Red blood cells (RBCs) were transfused when hemoglobin levels were <8 g/dl. However, RBC transfusion was initiated despite Hb ≥8 g/dl in patients with coronary artery disease presenting with intraoperative electrocardiogram changes or continuous hypotension and tachycardia, hypoxemia, oligouria even with appropriate fluid volume. In addition, fresh frozen plasma was transfused when RBCs were transfused with more than 5 units for intraoperative bleeding or a hypocoagulable profile with prothrombin time of international normalized ratio >2.0 or greater than 1.5 times normal; an activated partial thromboplastin time of >60 s or greater than 2 times normal. Platelets were administered when RBCs had been transfused with more than 10 units for intraoperative bleeding or when platelet count was ≤50,000/mm3. Blood loss was estimated using a gauze visual analog (50% saturation: 80 ml, 100% saturation: 160 ml by 45 × 45 cm), and the amount of bleeding in the suction bottle was checked and measured periodically.

Outcome measurement

Overall postoperative complications, such as acute kidney injury, stroke, delirium, pneumonia, atelectasis, deep vein thrombosis, sepsis, ileus, wound problems, myocardial infarction, bleeding, and urinary tract infection were evaluated as the primary outcomes until the discharge period. If the hospitalization period exceeded 90 days after surgery, complications were investigated only up to such time. Postoperative complications were defined according to the criteria of the European Perioperative Clinical Outcome definitions [27], in addition to the medical records and consultation with the relevant medical department. Secondary outcomes included the infused crystalloid or colloid volume during surgery, intraoperative urine output and blood loss, use of vasopressors and inotropics, intra- and postoperative transfusion, length of stay in the hospital or ICU, ICU admission and duration, readmission within 30 days postoperatively, reoperation within 90 days postoperatively, and death within 90 days postoperatively.

Statistical analysis

Data were presented as mean ± standard deviation (SD) or number (%) with effect size (d), odds ratio (OR), or 95% confidence interval (95% CI), as appropriate. In a previous study showed difference of 15%, the rate of postoperative complications decreased from 39.8% to 24.8% when GDFT was performed on patients undergone open surgery [28]. In our center, the overall complication rate in laparoscopic hepatobiliary or pancreatic surgery was approximately 31%. Our hypothesis was the overall complication rate would be decreased by GDFT compared to conventional fluid therapy by 15%. To determine a difference of 15% in the incidence of postoperative complications with a statistical power of 80% and a type 1 error of 5%, we estimated that 145 patients were required in each group. Assuming an overall dropout rate of 10%, at least 162 patients per group were required.

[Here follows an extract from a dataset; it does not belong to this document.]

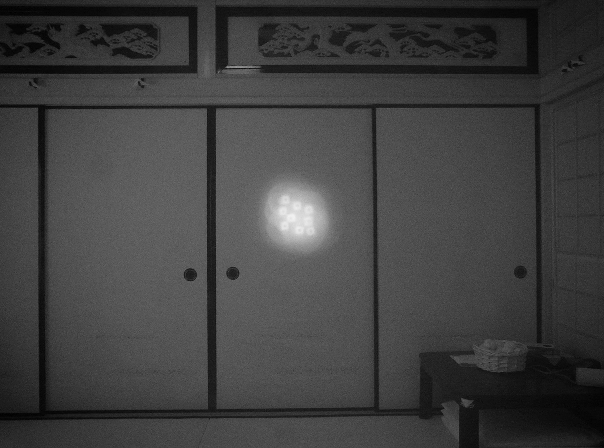 木製大枠の裏面に貼り付けDCで発光させてみる デジカメで見ると薄っすらと発光状態がわかる

The Kolmogorov–Smirnov test was used to test for normal distribution. Continuous data were tested using Student’s t-test. Binary data were tested using the chi-squared or Fisher’s exact test. Propensity score (PS) matching was performed to reduce the selection bias caused by differences in baseline characteristics between the two groups [29]. We used PS matching methods to balance the covariates between the two groups, with age, sex, height, weight, body mass index, American Society of Anesthesiology physical status, and organ of operation included in the PS model. After estimating the PS, patients were matched 1:1 without replacement using a nearest-neighbor approach. The balance in baseline characteristics and covariates after matching was evaluated using standardized mean differences. The paired t-test or McNemar’s test was performed according to continuous or binary data after propensity score matching. All statistical analyses were performed using SPSS with statistical significance was set at P <0.05.

Results

This study was conducted between 9th January 2017 and 7th April 2020 for GDFT group. A total of 162 and 228 patients were enrolled in the GDFT and conventional groups, respectively, while 15 patients were excluded from the GDFT group. This study conduced after PS matching, 147 patients were included in each group (Fig 2).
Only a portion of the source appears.